Rhodes is the face of the business, up front in the retail store. “She likes the distraction,” Fahnestock said. “I feel that Debbie is the reason for our success, because of her personality and the way she treats people.”

When a friend’s mother was hospitalized, Rhodes and Fahnestock helped with the hospital vigil, spending every night there for a month, “so [she] wouldn’t have to be by herself,” Rhodes said.

And when Fahnestock grieved the death of her three-month-old grandson, Rhodes helped her through it.

“We’re there for everything,” Rhodes said. “We have so much history together.”

The friends, minus husbands, have taken the kids to Niagara Falls, held pajama parties, taken a girls’ weekend in New York City, and celebrated the 80th birthday of Rhodes’ mother.

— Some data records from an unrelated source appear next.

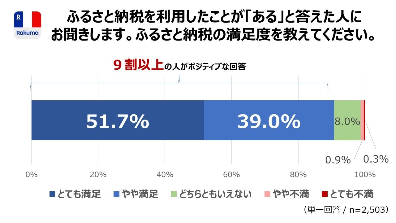 ●ふるさと納税の利用者の満足度は9割以上がポジティブ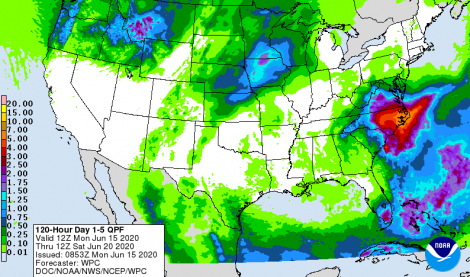 Previsão de Precipitação EUA, 5 dias, em polegadas.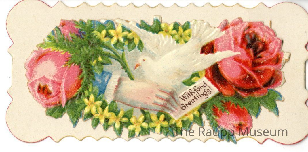 One (1) multicolored cardboard valentine card. Card has a white square background with decorative zig-zag edges and rounded corners. On the top is a smaller piece, featuring a hand holding a card with "With fond Greetings" on it, and a dove flying above the hand. There are yellow flowers around the dove and a large rose on the left and two roses on the right (one open and one closed). This flap is connect on the left and opens from the right to reveal:

And together, Rhodes and Fahnestock have logged their share of 10-hour workdays, particularly between May and December — from Apple Blossom, through wedding season, into the holidays. “When I go home, my husband doesn’t know 90 percent of the things that go on here,” Fahnestock said.

The success of the business has led the partners to begin adding part-time help, and to open on Sundays.

Fahnestock and Rhodes agree, it’s because of their differences that the business works so well. Warned that partnering in business would ruin their friendship, the two have proved the forecasters wrong.

“It’s just worked for us,” Rhodes said. “We’d give up the business before we’d give up the friendship.”